There’s a part of me that
resents that it took so long for my mother to tell me the truth about what was
going on in those days. There is also a part of me that is glad she kept it
from me. I have nice memories of the short time we spent in Des Plaines . It was one of the times in my life when
I was always happy and all I really had to be concerned with were the weather,
Lorenzo, and being a superhero. Like a
lot of people, I wouldn’t mind feeling that way again right now. I can’t always though. From time to time I think about that girl,
whoever she was, and what someone might’ve been able to save her, or at least
allow her to die with some dignity.
I’m very nearly fifty years
old and I’m still pretty obsessed with superheroes. My boys took me to the midnight opening of the Captain America movie,
because he is my favorite, and I couldn’t have been more excited or enjoyed
myself more.
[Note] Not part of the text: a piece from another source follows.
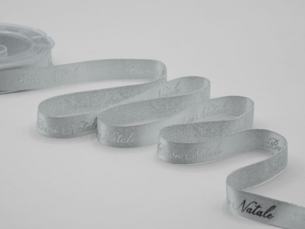 Raso Boutique Lame 16 MM Ser. Laminata Decoro Elegante Buon Natale Argento. Questa magnifica variante del nostro doppio raso è caratterizzata dalla tramatura con filato lamè che da un lato dona un aspetto glitter al nastro, dall'altro un aspetto più elegante e raffinato con la presenza del lamè delicata e tenue. Il Raso lamé è adatto a tutte le confezioni per il Natale, alle nozze, alle celebrazioni eleganti e glamour. Qui viene presentata la versione stampata in serigrafia laminata. Codice colore# 20W101 - CONFEZIONATO IN BOBINA DA METRI 10

My wife and a few others have suggested that I have a superhero
complex, and the more I reflect on this, I think they may be right. For
whatever psychological reason, my whole life I have always wanted to do
everything perfectly and to win the adoration of citizens everywhere. If I
am doing something and it is not absolutely perfect, I can become a very mean
and miserable person.
When I was diagnosed it was very
difficult for me to accept that Parkinson’s is not a disease that can be cured,
but only managed, and that no matter what I do, it will not go away or get
better. In fact, the likelihood is it
will in time get far worse. That is a hard thing for a superhero to swallow. I’m
learning though. I’m learning that no
one is really able to be a superhero. I’m
learning though that there are things I just have to let go of and do the best I
can with what I have. I’m learning to
accept I can’t be Captain America no matter how much I want to be, and
that is just OK. I like being the Rain King, sitting in his garage watching the
lightning with his family and his friends.
Michael J. Fox has a line
that he uses when he talks to people that I have grown to appreciate very
much. He says, “I
am careful not to confuse excellence with perfection. Excellence, I can reach
for; perfection is God's business.”
I like that. I just wish it was
something I’d heard and thought about a long time ago. I wasted a lot of years trying to be perfect,
a superhero, when I could’ve relaxed, enjoyed life, and just tried to do my
best. I’m getting there now.
I do believe the lesson learned and passed on actually has made you a "Superhero" achieving excellence. Well done Tom...well done.